2.1. Devices for Motion Input

Mapping real-life body movement into a virtual world has always been a key challenge when implementing ASL or other sign language-themed games or applications in a VR environment. Alam et al. identified three central challenges for ASL recognition: the scarcity of purpose-built datasets (especially for ASL), limited diversity and fluency among signers, and practical issues in deployment—including occlusion, lighting variability, and color ambiguity [20].

Examining the devices used in studies on sign languages in VR environments, we can categorize these devices roughly into two groups: those that utilize state-of-the-art MoCap systems and those that utilize readily available VR headsets or hand gesture recognition devices on the market. An example of a study that uses a state-of-the-art system can be seen in a project named “ASL Champ!” [21]. They used a state-of-the-art system during the data collection of ASL poses, which ASL teachers also used. During motion capture sessions, the teacher utilized the Vicon system, which consisted of 18 high-resolution cameras, comprising 8 T160 cameras and 10 Vero cameras, with 73 markers placed on the teacher’s fingers, hands, and body. They also used Vicon Shogun 1.7 to significantly enhance the quality of capturing body, hand, and finger motions.

In the same way, another research by Qijia et al. [22] aimed to create a teaching environment to teach ASL. They used a Vicon system with 16 cameras and 120 markers on the signer’s ASL to capture subtle movements from each joint of the fingers. While powerful, the Vicon system is not accessible or affordable to ordinary people. Thus, research using such high-end systems primarily utilizes this technology for capturing motion data from trained professional signers, rather than for the learners’ use case. For the learners’ use case, another group of devices is more commonly used and available to the public. The team of ASL Champ! Project, for instance, also utilized Oculus Quest 2, leveraging the built-in hand-tracking capabilities with the help of the MiVRy Unreal Engine (UE) plugin for learner hand recognition. This offers significantly better accessibility than the Vicon system, albeit at the expense of hand-tracking quality.

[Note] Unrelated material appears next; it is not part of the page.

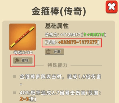 重铸后的装备属性具有随机性,有可能增强,也有可能减弱。要是属性下降了,我们能通过观看广告来消除惩罚。如此反复进行几次重铸操作,装备便能达到最高属性值啦!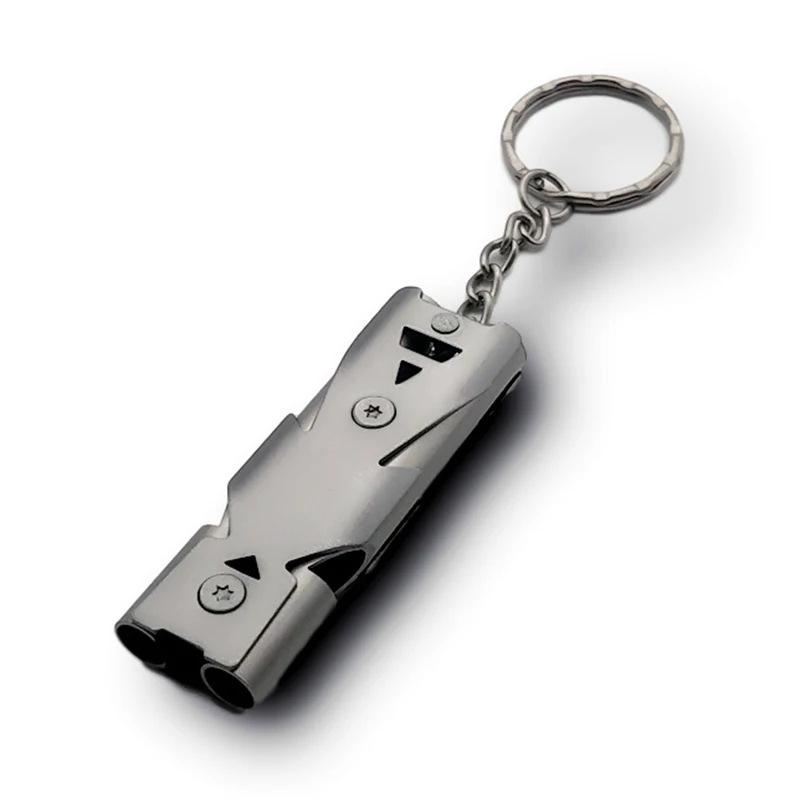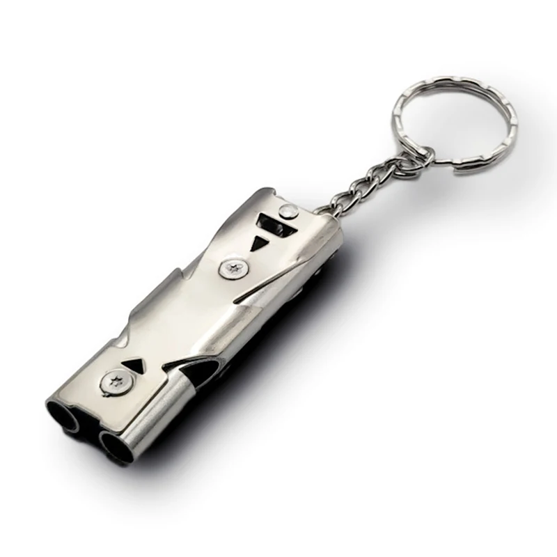 Свисток из нержавеющей стали, свисток с двойной трубкой с высоким децибелем для экстренного выживания, брелок-свисток для чарлидинга, свисток для кемпинга

A study by Aurelijus Vaitkevičius utilized Leap Motion, a hand-tracking device that does not require markers or gloves [23]. Leap Motion can capture 3D hand skeleton data with relatively high accuracy in close-range and is easy to setup, making it one of the popular devices for similar research. After mounting it on an HTC Vive headset, Leap Motion can extract features such as joint positions and distances, finger angles and bending degrees, and palm orientation.

2.2. Technologies for Pose Recognition

Another key challenge in similar research is pose recognition, which involves determining the meaning of a pose after it has been extracted. Further research shows that Machine Learning (ML) and Deep Learning (DL) models are the most popular means of working with these pose data.

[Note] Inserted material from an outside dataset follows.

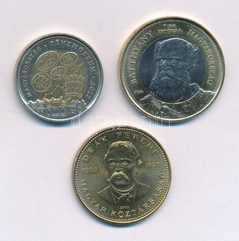 Beschreibung: 2003. 20Ft Cu-Ni-Zn "Deák" + 2022. 100Ft bimetál "Magyar Pénzmúzeum és Látogatóközpont" + 2024. 200Ft bimetál "Batthyány Lajos" T:AU-XF

According to research by Gongjin Lan et al., the DL model estimates human pose by analyzing images and videos [24]. This can be utilized by feeding a DL model with a sufficient amount of video data from signers demonstrating a pose and comparing them against poses performed by learners.

Another DL model-powered approach can also be seen in research by Vasco Xu et al. to predict a full-body pose through joint rotations and positions [25]. With the help of DL and ML, pose evaluation can be made more lenient for learners who miss subtle movements but still nail the pose as a whole, while minimizing false positives and maintaining a relatively robust evaluation system.

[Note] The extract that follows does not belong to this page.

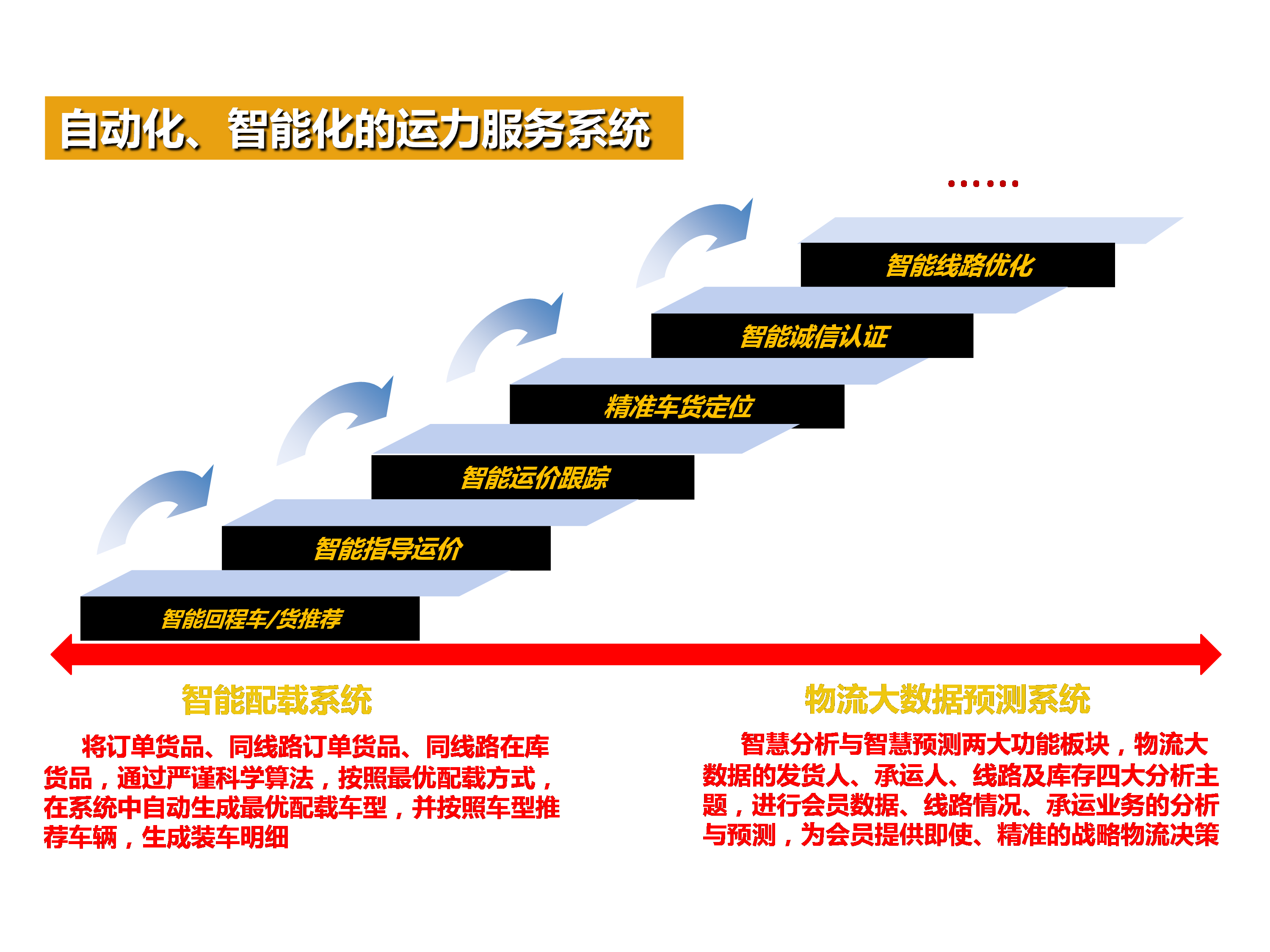 智能化是運力通平臺的技術優勢和應用亮點。運力通平臺充分利用大數據、云計算、數據挖掘等技術,構建智能化的運力服務系統平臺,通過技術來實現貨源、車源、司機等的高效聚集、信息對接、供求撮合。具體而言,平臺將逐步開發和應用智能運價指導、智能運價跟蹤、精準車貨定位、智能誠信認證、智能回程車/貨、智能線路優化等服務系統。

Another study proposed IK-AUG, a simulation-driven data augmentation framework for sign language recognition that reconstructs gestures using inverse kinematics and then applies biomechanically constrained perturbations (e.g., depth offsets, spatial jitter, and changes in IK sensitivity) to synthesize anatomically valid sequences [26]. Trained across five architectures (CNN3D, TCN, Transformer, Informer, Sparse Transformer), IK-AUG consistently improved validation and test accuracy versus no augmentation and versus 2D rotation baselines.

Not only with ML or DL models, but there has also been research on domain-specific gesture description languages, or GDLs [27]. They employed forward-chaining reasoning to classify newly incoming feature data, achieving very high accuracy in classifying a dataset of 1600 recorded movement sequences, with a range of 80.5% to 98.5%.

Another similar classical approach can be seen in another research by Michalis Lazarou et al. They researched a hand gesture recognition system that completely avoids any ML approach, but instead uses shape-matching techniques from computer vision to compare hand silhouettes [28]. The purpose was to demonstrate that classical techniques can still work when data are scarce and training is impractical. This research adopted a similar approach to classical methods, keeping things lightweight with bone rotations and position range checks to evaluate each of the poses performed by the players.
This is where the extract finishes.